We are a bootstrapped three person team of MIT CS grads. We've built a solid product in the enterprise space and are at the alpha stage. We are looking at raising  a seed round from a top tier VC but we recently received an acquisition offer. This would give each of us $2mm over a golden handcuff period (we have no outside investment yet). We believe in the product and the team. We are new grads so we want to learn the process of doing a startup (raising money, building teams, finding customers). On the flipside we could take the small success and build a company again with a more solid financial background and success history -- but have to be corporate guys for 2 years. Any opinions on what we should do?
======
pedalpete
I like mahesh's idea, but keep this in mind.

If you take an offer now, you'll have some stability going forward, as well as
a successful exit.

If you continue on your own, you've got the possibility of gaining only
experience if the company fails for some reason.

You're young, so you'll have a great learning experience either way.

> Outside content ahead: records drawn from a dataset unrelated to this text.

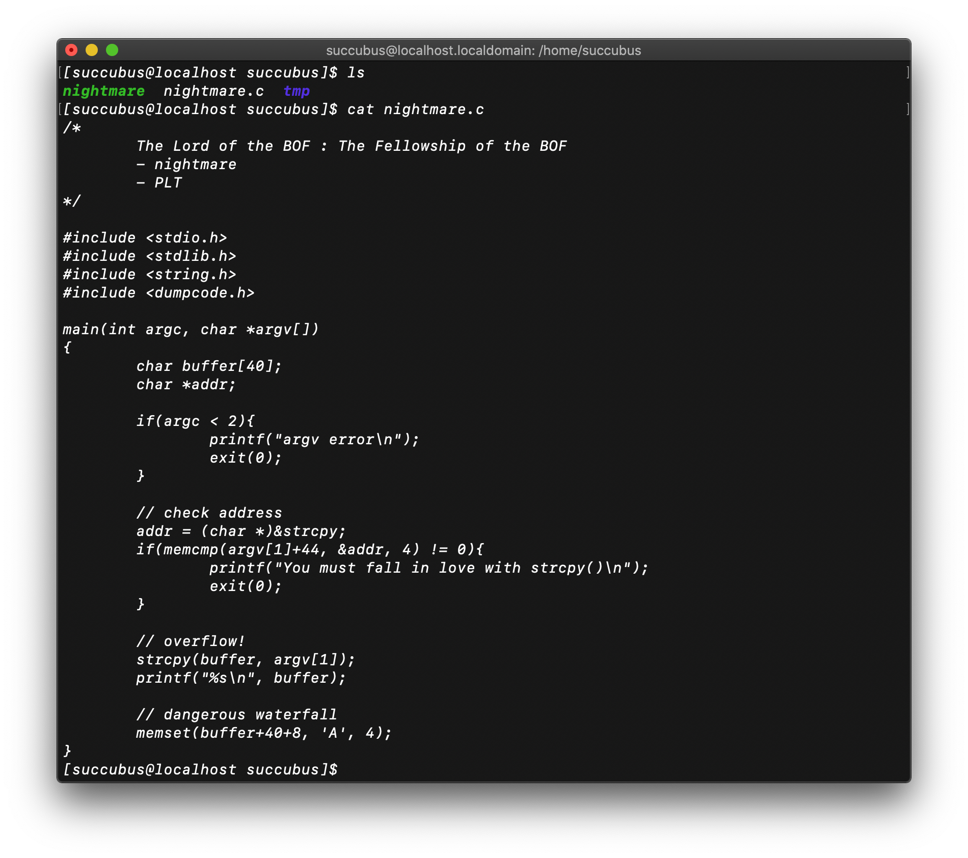 gdb 분석 결과 -> buffer의 시작 주소를 strcpy 함수의 RET 값으로 변조하려고 했으나 계속하여 1byte씩 오류가 발생하는 바람에 쉘은 따지 못하였다. LOB 파일에 오류가 생겼는지는 모르겠지만 정확한 이유는 모르겠다. 어쨋든 문제를 해결하는 알고리즘에는 오류가 없으므로 정상적인 환경에서는 쉘이 따질 것이다.
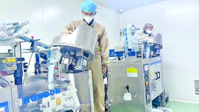 西藏甘露藏藥股份有限公司藏藥生產(chǎn)車間內(nèi),工人在忙碌。次仁拉姆攝/光明圖片
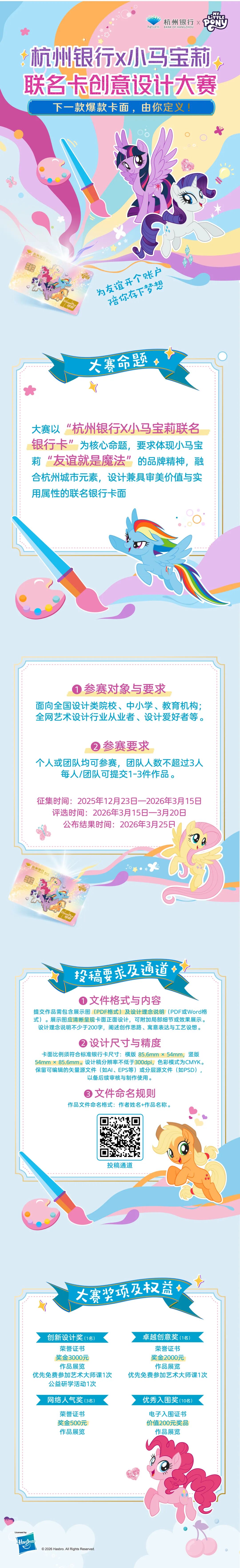融杭城韵味,绘友谊魔法!杭州银行 X 小马宝莉联名卡设计大赛邀你参赛
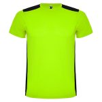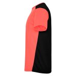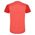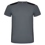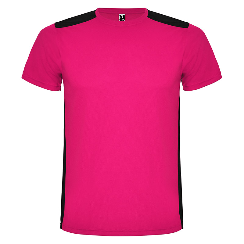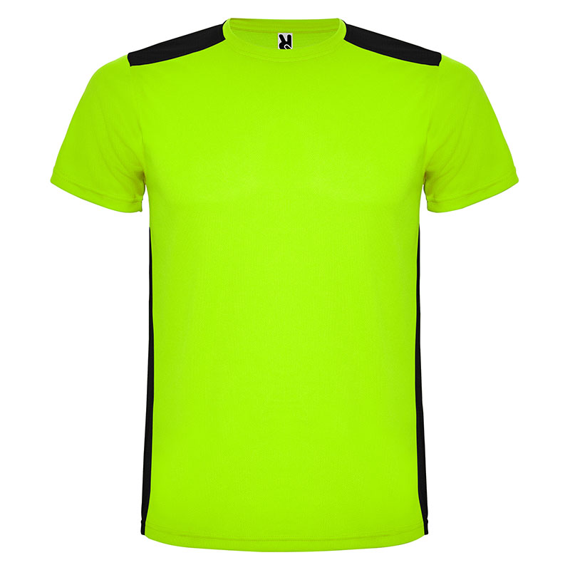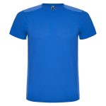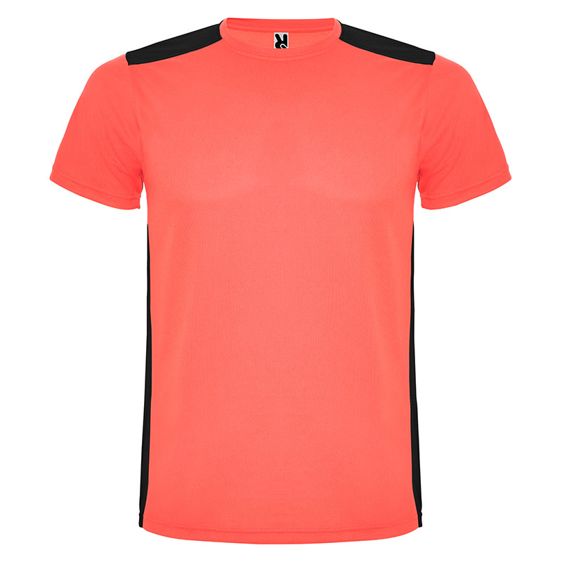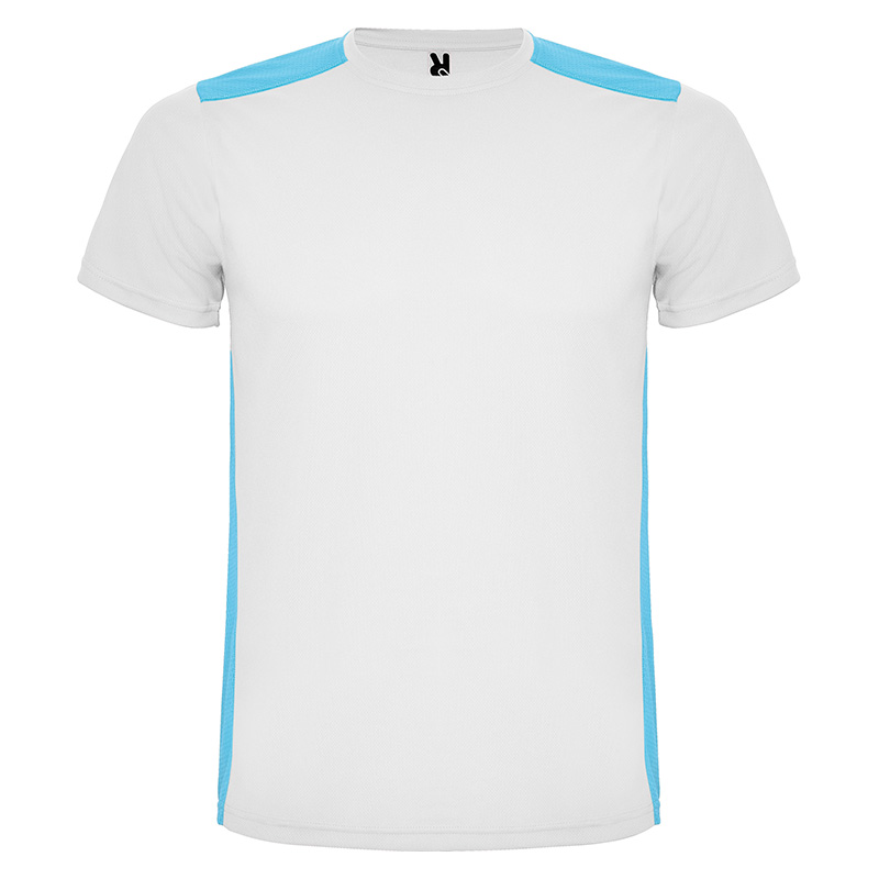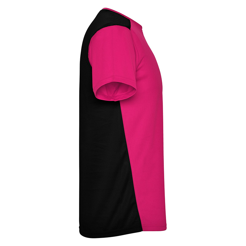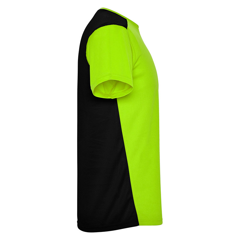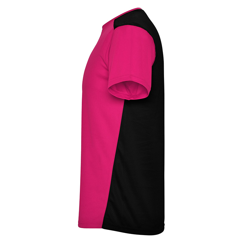 Camiseta técnica de manga corta, con cuello redondo. Combinada en espalda y hombros con dos tejidos de poliéster. Tejido principal frontal bird´s eye y tejido rejilla 3D transpirable en la parte trasera. Tejido preparado para la absorción de humedad. Pespuntes decorativos zigzag en hombros y costados frontales. Patronaje en la espalda ligeramente mas largo.

If the company that is looking to acquire you is also young and has the right
culture for you, you will still learn a lot while there. You say you want to
learn about raising money, building teams and finding customers. Have you
spoken to the acquiring company about what you'd like to learn? If so, they
could provide you with that learning while you're with them.

------
mahesh_rm
Take a one week holiday together someplace you like. Have fun, drink some
beers, climb some mountain, and think together about a sensible and coherent
way to go. Go with that and don't look back. But this is only what I'd do.

------
corporalagumbo
Two problems here: 1) Is your aim to sell this company? 2) If yes, is now the
best time to sell?

Regarding 1): What sort of company is it? Do you have an underlying philosophy
for what you are doing? Do you believe strongly in what you are doing? Or is
it just a company for a company's sake? Are you interested in and willing to
spend the time and effort to build it up - do you think it could get big?

------
dylanhassinger
yes. an exit changes everything